Sunday, September 29, 2019

Vale John Cohen (August 2, 1932 – September 16, 2019)

From 1972 to 1997, Cohen was a Professor of Visual Arts at SUNY Purchase College where he taught photography and drawing.


A respected musician and founding member of the seminal old-time string band "The New Lost City Ramblers," John Cohen has also had an equally distinguished career as a filmmaker, photographer, and record producer. 

The term high lonesome sound, which he coined for his legendary 1963 documentary film, has become synonymous with an entire genre of American music. 
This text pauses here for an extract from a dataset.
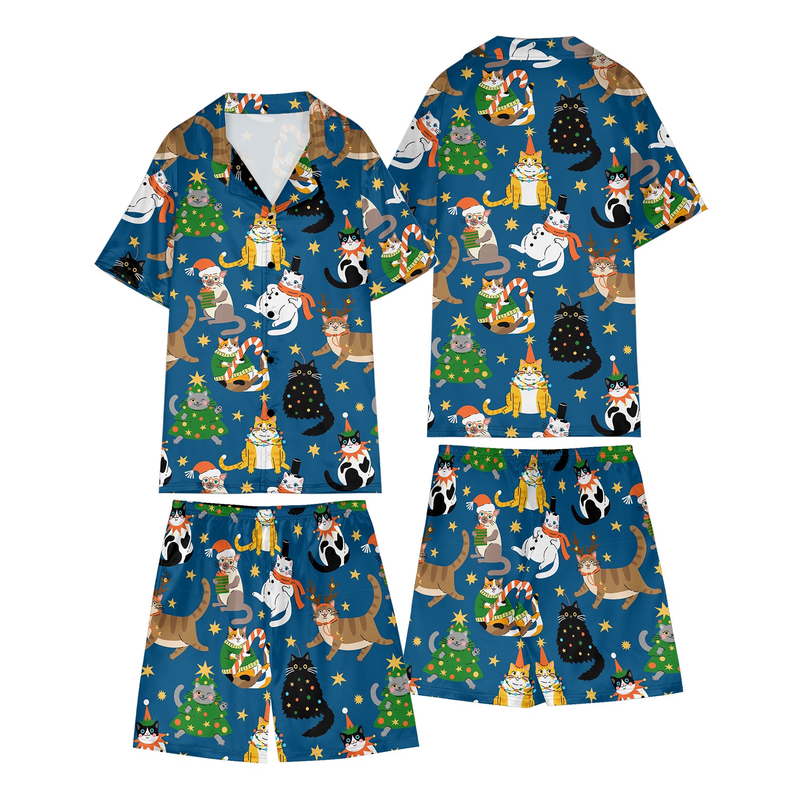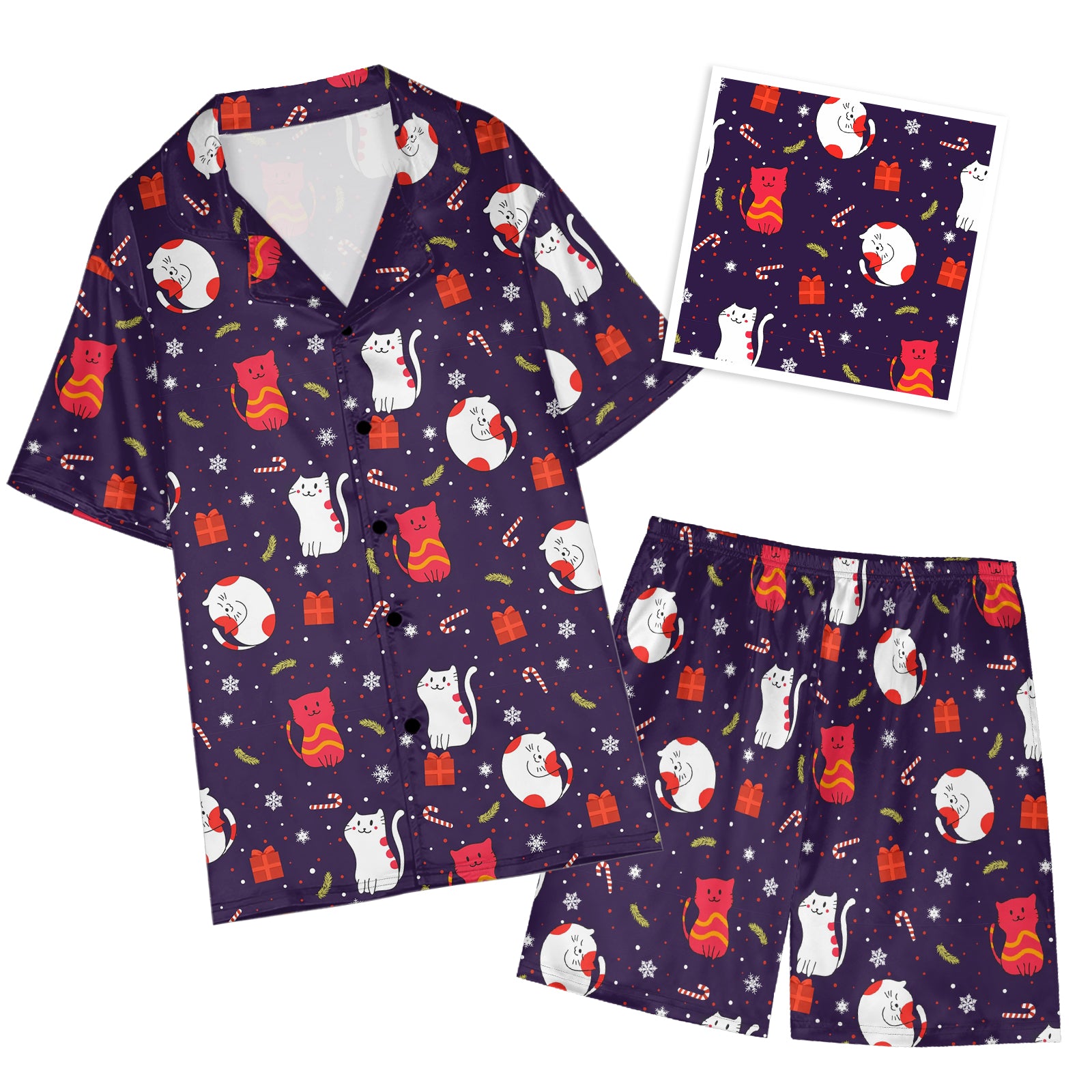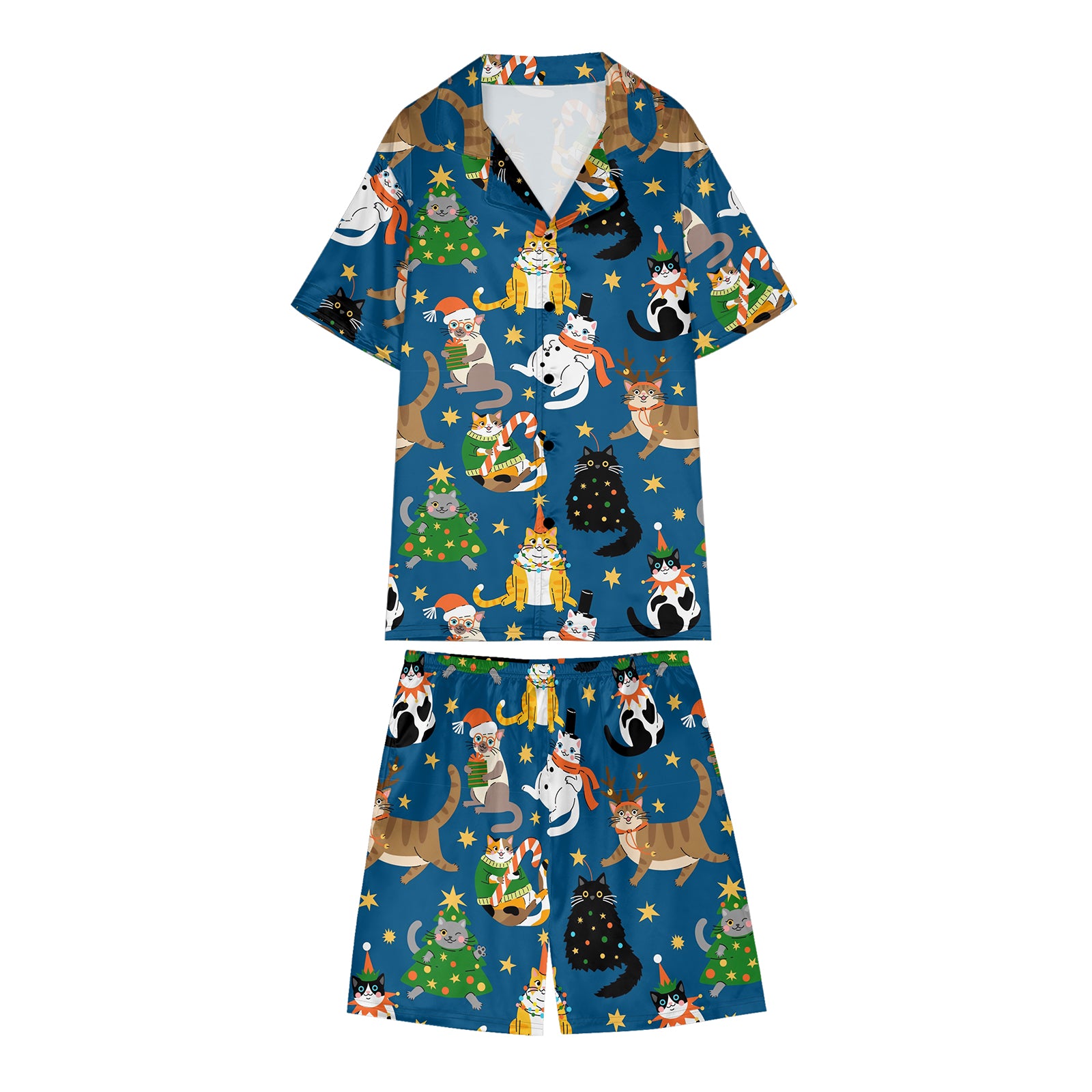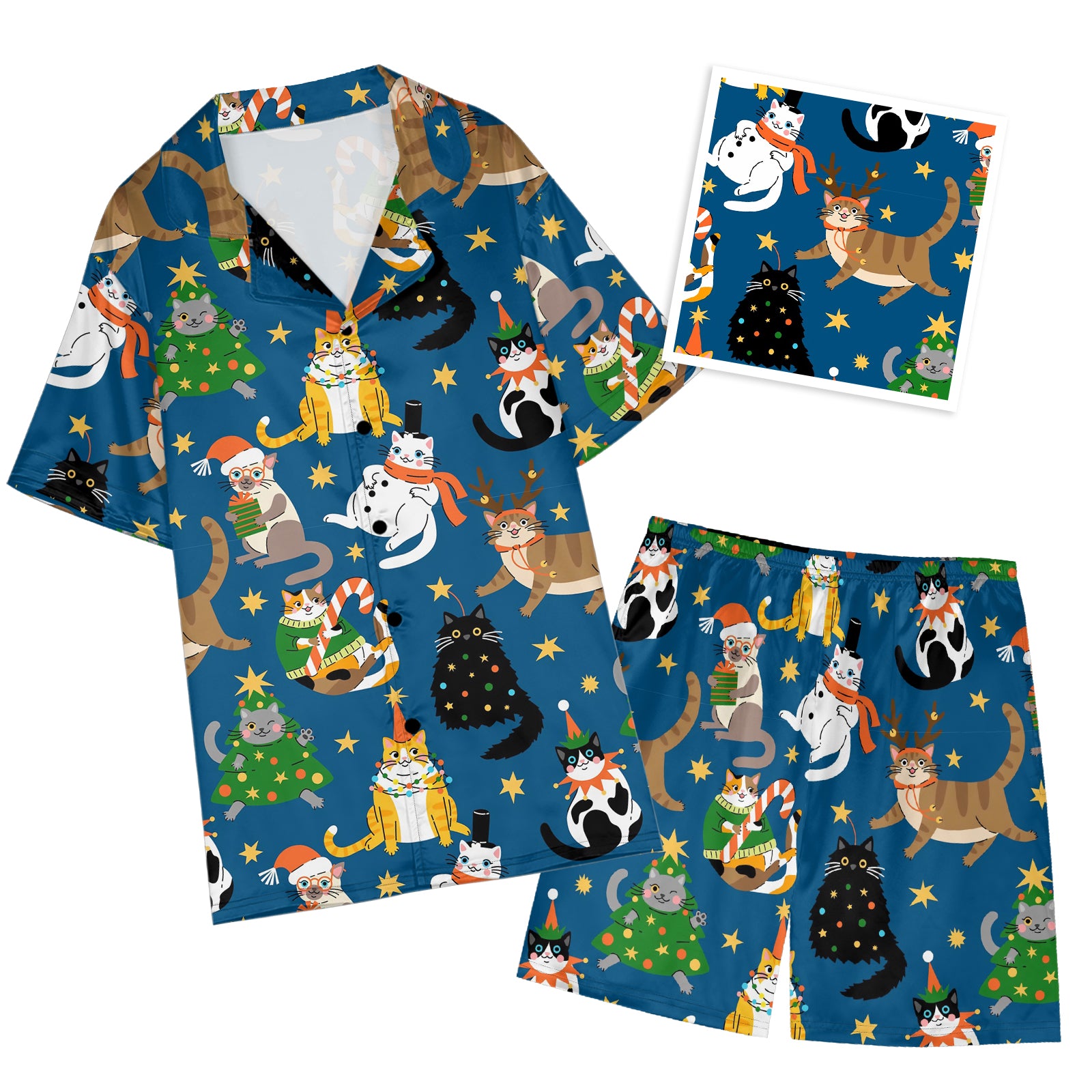 Cute Cat Christmas Outfits Satin Pajama Set For Women

In addition to extensive fieldwork and documentation of Appalachian culture, Cohen has done important ethnographic research throughout the United States, Britain, and the Peruvian Andes. 
His highly-praised publication, "There Is No Eye: John Cohen Photographs" (2001), and the complementary Smithsonian Folkways CD "There Is No Eye: Music For Photographs," brought together several threads of Cohen's work over the past 50 years. 
As a producer, his many noteworthy recordings include Smithsonian Folkways' releases "An Untamed Sense of Control" by Roscoe Holcomb, "Dark Holler" by Dillard Chandler,


"The Lost Recordings of Banjo Bill Cornett," "If I Had My Way" by Rev. Gary Davis, and the compilation "Back Roads to Cold Mountain." Cohen worked with T-Bone Burnett as music consultant to the film "Cold Mountain," and appeared in Martin Scorcese's film about Bob Dylan, "No Direction Home."